First, we are going to load the training and validation dataset and instantiate the SegmentationDataset objects (lines 25-34). These datasets can then be used in the DataLoader class provided by PyTorch to access the image samples (lines 36 & 37). We are instantiating the U-Net model we implemented in the previous post and transfer it into video memory via the .to("cuda") method (line 41). As an optimizer, we use Adam with a learning rate of 0.001 and use binary cross entropy with logits as the loss function (lines 42 & 43). We calculate the number of steps it takes to iterate over the whole training dataset and the validation dataset (lines 47 & 48). For this purpose, we are using the batch_size, i.e., the number of samples that are fed into the model at once, in this case 4 (line 10). The actual training loop comprises lines 55 to 108. Each iteration of this loop is called an “epoch”. The number of epochs is defined as 100 (line 12). The model is first set into training mode (line 56) to make sure that the weights are being adjusted. Then we are iterating over all the batches provided by the DataLoader for training (line 62). In this loop we first zero out any gradients that might have been previously generated (line 65). Then we access the SWISSIMAGE and corresponding lake mask groundtruth images and feed them into the model after transferring them to video memory (lines 68 & 69). The model will produce its own prediction based on the SWISSIMAGE sample and stores it in the variable lake_mask_predicted (line 69). The loss function then calculates the loss by comparing the predicted mask with the groundtruth mask (line 72). Based on this loss, first backpropagation is performed and then the weights are being adjusted (lines 75 & 76). Once the training loop is finalized, gradient calculation is being disabled (line 82) and the model is set to evaluation mode (line 83). Then, we iterate over all the samples in the validation dataset (line 86) and compare the predictions of the U-Net with the groundtruth (lines 90-92).
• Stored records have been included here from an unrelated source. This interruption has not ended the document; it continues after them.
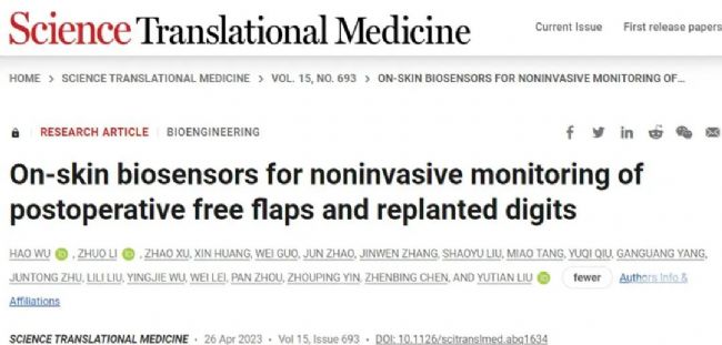 本研究提出的GCD-PDMS可以作為表皮電子設(shè)備與人體皮膚之間界面設(shè)計的通用策略。此外,動物和臨床研究表明,本研究提出的生物傳感器可以準(zhǔn)確地識別游離皮瓣和再植斷指的血運狀況,具有無創(chuàng)、無線、連續(xù)、定量和易于使用的優(yōu)點,在推動生物傳感系統(tǒng)面向高性能、小型化、便攜式方向發(fā)展具有重要意義。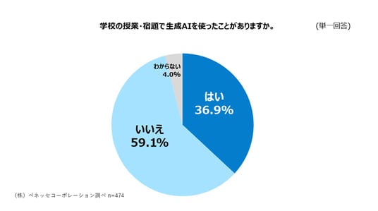 小学生の約4割が学校の授業や宿題で生成AIを活用した経験があると回答しました。学校現場での生成AIの活用が一定程度広がりつつあることがうかがえます。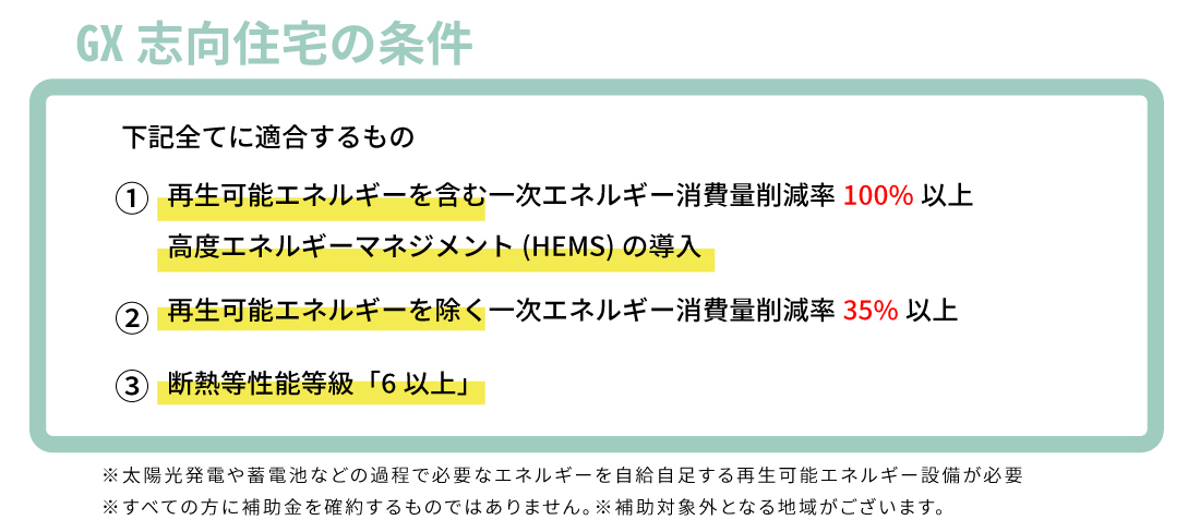 補助額110万円の対象となるためには、前述したGX志向型住宅となる以下の条件が必要となります。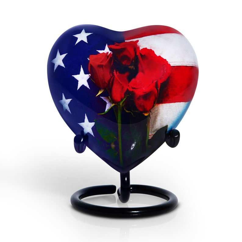 โกศเผาศพรูปหัวใจธงอเมริกันสำหรับขี้เถ้าขี้เถ้าโกศผู้ใหญ่สำหรับงานศพขนาดเล็ก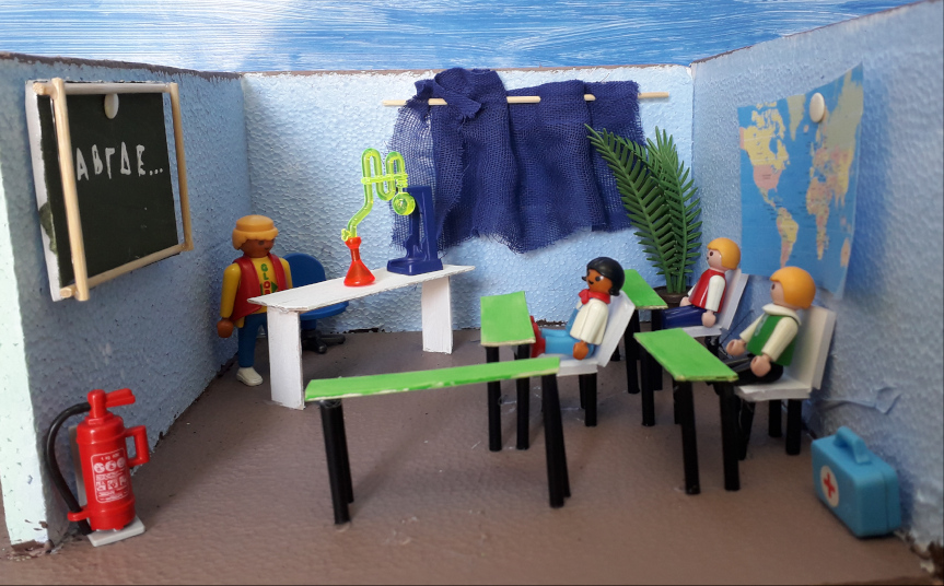 Για όλα τα παραπάνω μία μακέτα, η οποία τελικά κατασκευάστηκε εκτός σχολικού ωραρίου από ορισμένα παιδιά της τάξης. Οι μαθητές μέτρησαν, σχεδίασαν, έκοψαν, κόλλησαν, συναρμολόγησαν, διακόσμησαν αλλά, και παράλληλα, έλυσαν προβλήματα (όπως ιδιαίτερα εκείνο της σκάλας), συνεργάστηκαν, χάρηκαν.

Once this has been carried out, the average training and validation losses for this epoch are being calculated, stored and printed to the console (lines 96-108). Finally, once the iteration over all epochs completes, the trained model is saved to disk (line 112).

Conclusion

In this post, we have discussed how the samples can be split up into training, validation and testing datasets and how the training loop in PyTorch allows one to train the model based on the training dataset. The validation dataset serves as a performance indicator during the training procedure. In the next post, we are going to have a look at how the testing dataset can be used to calculate more meaningful performance metrics and how the model can be used in practice.